The look trailed me everywhere, from the cigarette kiosk to the town’s sole kebab restaurant, in the dark, empty internet cafe with straw seats so shaky and uncomfortable you could barely sit on them, on sleepy street corners and in bustling corner shops. It identified me as precisely what I was: a westernised Cairene dissatisfied with bland Egyptian food, the discomforts of my filthy one-star hotel, the lack of activities beyond worship and shisha, the absence of women from social space, the hopelessness of culture and art, the insularity – the terrible, terrible ordinariness of life.
In the end only the Asian-looking straw hats on the heads of farmers – utterly unlike anything traditional anywhere in Egypt – struck me as in any way noteworthy. The landscape was no doubt distinct (even in autumn, daytime heat was unbearable), but the streets themselves looked so indistinguishable from a Nile Delta town that whenever I went out for a walk I headed reflexively for the nonexistent corniche. And talking expansively with Mohammed (there was nothing else to do), I came to see just how badly he had been disillusioned as well.

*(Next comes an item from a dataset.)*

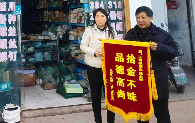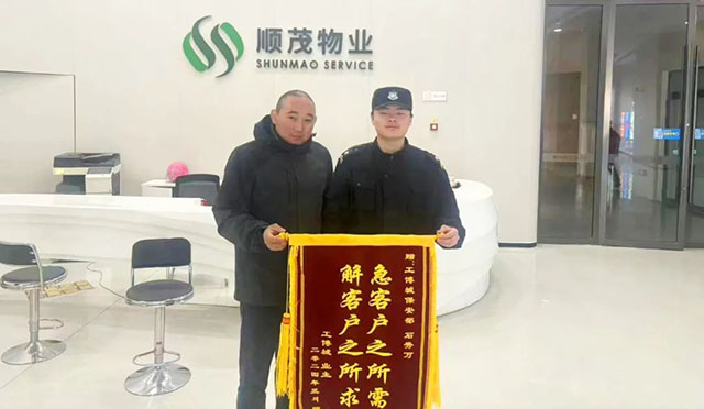 在收到失而復(fù)得的貴重物品后,為了表達(dá)崇高敬意和衷心感謝,失主特地定制了錦旗,錦旗上“品德高尚,拾金不昧”的金色大字,是對這兩位物業(yè)保安個人品質(zhì)的肯定,更是對雷鋒精神的傳承與發(fā)揚。

Mohammed hoped that spirit possession might turn out to be a partially viable alternative or supplement to the increasingly prevalent biomedical model of mental illness. Then the “sheikh” who was providing him with information, a Tramadol addict continually using needles on his own arms, came up with a new method of exorcism, one inspired by Mohammed’s modern medical presence: instead of beating his patients up, splashing them with water blessed by the Quran or simply breathing the verses onto their head, he would henceforth write the relevant verses on paper in gazelle’s blood, then soak that paper in tap water, then inject the possessed with the resulting solution.
A handful of madmen roamed the city freely – well fed, muttering about djinns, occasionally solicited for sex. But the truly memorable characters in Mut were the same ones you might encounter anywhere. On my last day, one of Mohammed’s case studies, a lost soul in his mid-fifties, approached our table at the cafe, looking more or less presentable. Everyone invited him to join in for a drink, but he did not oblige. Instead he stood there with a tortured expression on his face. “You want me to sit with you, do you?” he said. “How many cockroaches are you?”